Tomographic imaging as referred to here can be performed using a standalone apparatus, which is conventionally the case in medical imaging applications, for example, where the specimen (e.g. a human or animal) is macroscopic. Standalone CT tools are also available for performing so-called “micro CT”, in which a micro-focused source is used to image microscopic specimens, e.g. in geology/petrology, biological tissue studies, etc. Continuing this drive toward ever-greater resolution, so-called “nano CT” instruments have also been developed; these may be standalone tools, but, for example, they may also be embodied as (add-on) modules for (a vacant vacuum/interface port of) a charged-particle microscope (CPM)—such as a (S)TEM or SEM—in which case the CPM's charged-particle beam is used to irradiate the specimen directly, or to irradiate a metal target so as to cause production of an imaging X-ray beam. As referred to in this document, the concept of tomography should be broadly construed as encompassing so-called laminography. More information on (some) of these topics can, for example, be gleaned from the following references:


https://en.wikipedia.org/wiki/Tomography


https://en.wikipedia.org/wiki/X-ray_microtomography


https://en.wikipedia.org/wiki/Nanotomography


https://en.wikipedia.org/wiki/Electron_tomography


http://www.ndt.net/article/v04n07/bb67_11/bb67_11.htm


http://www.sciencedirect.com/science/article/pii/S0029549398003197


It should be noted that, as referred to here in the context of a CPM, the phrase “charged particle” should be broadly construed as encompassing:

    • Electrons, as in the case of a Transmission Electron Microscope (TEM), Scanning Electron Microscope (SEM), and Scanning Transmission Electron Microscope (STEM), for instance. See, for example, the following references:
      • http://en.wikipedia.org/wiki/Electron_microscope
      • http://en.wikipedia.org/wiki/Scanning_electron_microscope
      • http://en.wikipedia.org/wiki/Transmission_electron_microscopy
      • http://en.wikipedia.org/wiki/Scanning_transmission_electron_microscopy
    • Ions, which may be positive (e.g. Ga or He ions) or negative. Such ion beams can be used for imaging purposes, but they are also often used for surface modification purposes, e.g. as in the case of Focused Ion Beam (FIB) milling, Ion-Beam-Induced Deposition (IBID), Ion-Beam-Induced Etching (IBIE), etc. See, for example, the following references:
      • https://en.wikipedia.org/wiki/Focused_ion_beam
      • https://en.wikipedia.org/wiki/Scanning_Helium_Ion_Microscope
      • W. H. Escovitz, T. R. Fox and R. Levi-Setti, Scanning Transmission Ion Microscope with a Field Ion Source, Proc. Nat. Acad. Sci. USA 72(5), pp 1826-1828 (1975).
    • Other charged particles, such as protons and positrons, for instance. See, for example, the following reference:
      • http://www.ncbi.nlm.nih.gov/pubmed/22472444


        It should also be noted that, in addition to imaging and/or surface modification, a charged particle beam in a CPM may also have other functionalities, such as performing spectroscopy, examining diffractograms, etc. The present invention will predominantly concern itself with tomography as applied to image microscopic specimens, including specimens that are microscopic sub-portions of larger/macroscopic objects.

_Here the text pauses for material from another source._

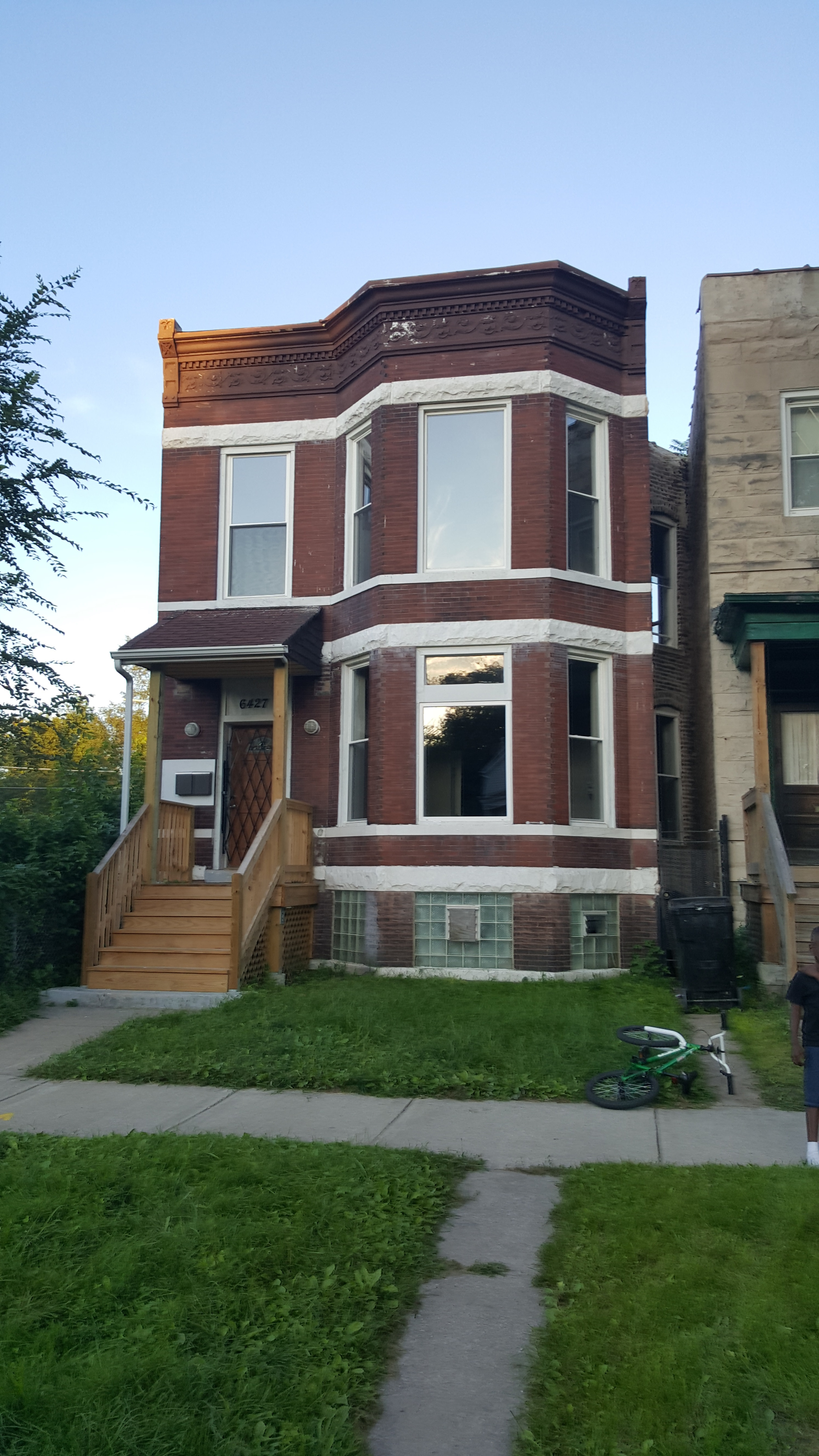 Emmett Till's last home, at 6427 S. St. Lawrence Avenue in Chicago
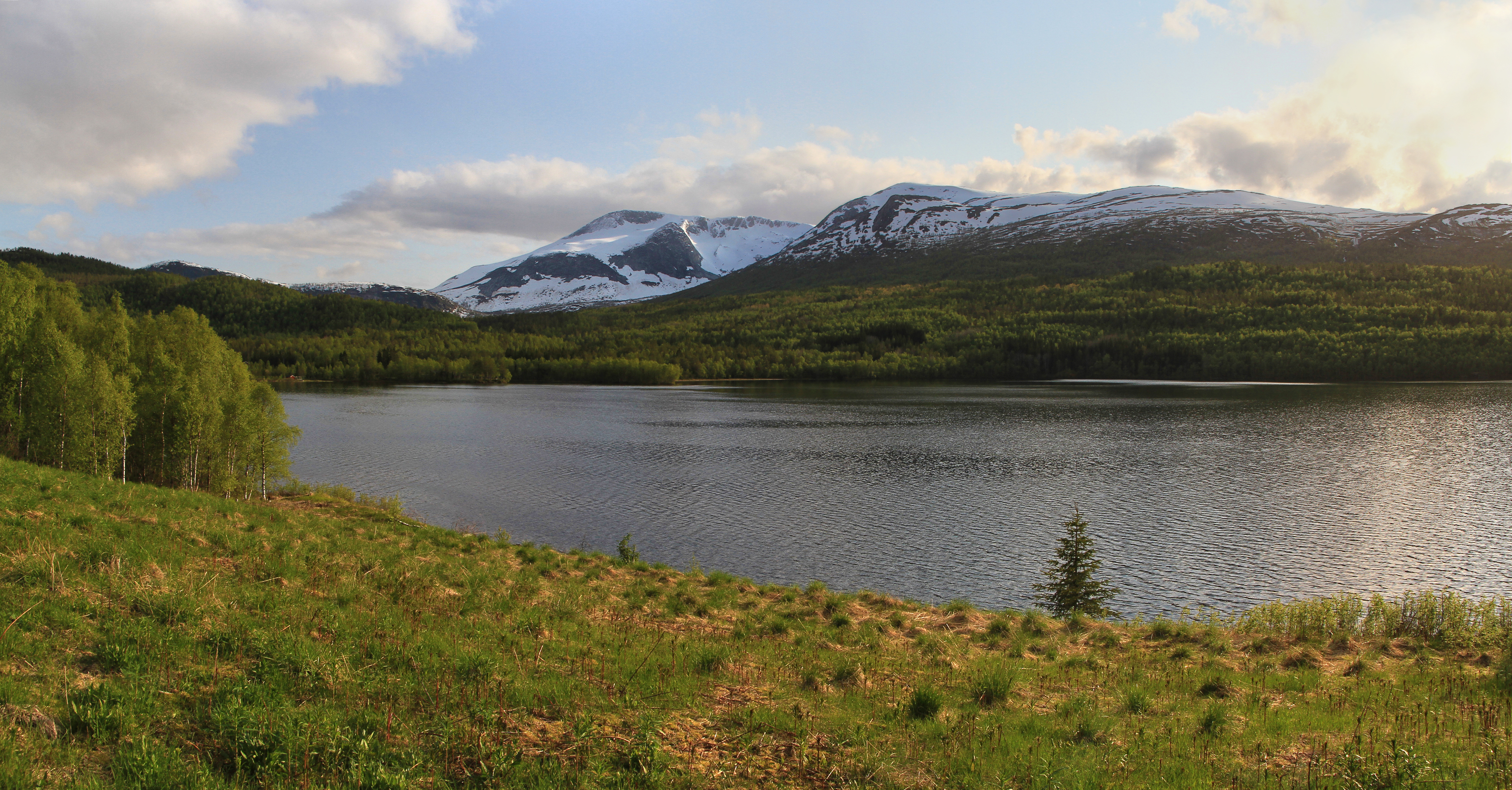 Kråkmovatnet as seen from the east coast towards southwest in evening in 2011 June.

As regards the mathematical reconstruction technique used to produce a tomogram from a series of input images, use can be made of algorithms such as SIRT (Simultaneous Iterative Reconstruction Technique), ART (Algebraic Reconstruction Technique), DART (Discrete ART), SART (Simultaneous ART), MGIR (Multi-Grid Iterative Reconstruction), and many others: see, for example, the summary presented in the following publication:


http://www.cs.toronto.edu/˜nrezvani/CAIMS2009.pdf


It is an object of the invention to provide an innovative tomographic imaging technique. More specifically, it is an object of the invention that this technique should employ a radically different mathematical constraining strategy as compared to known techniques. In particular, it is an object of the invention that this technique should offer a solution (inter alia) for the abovementioned “missing wedge” and “local tomography” problems.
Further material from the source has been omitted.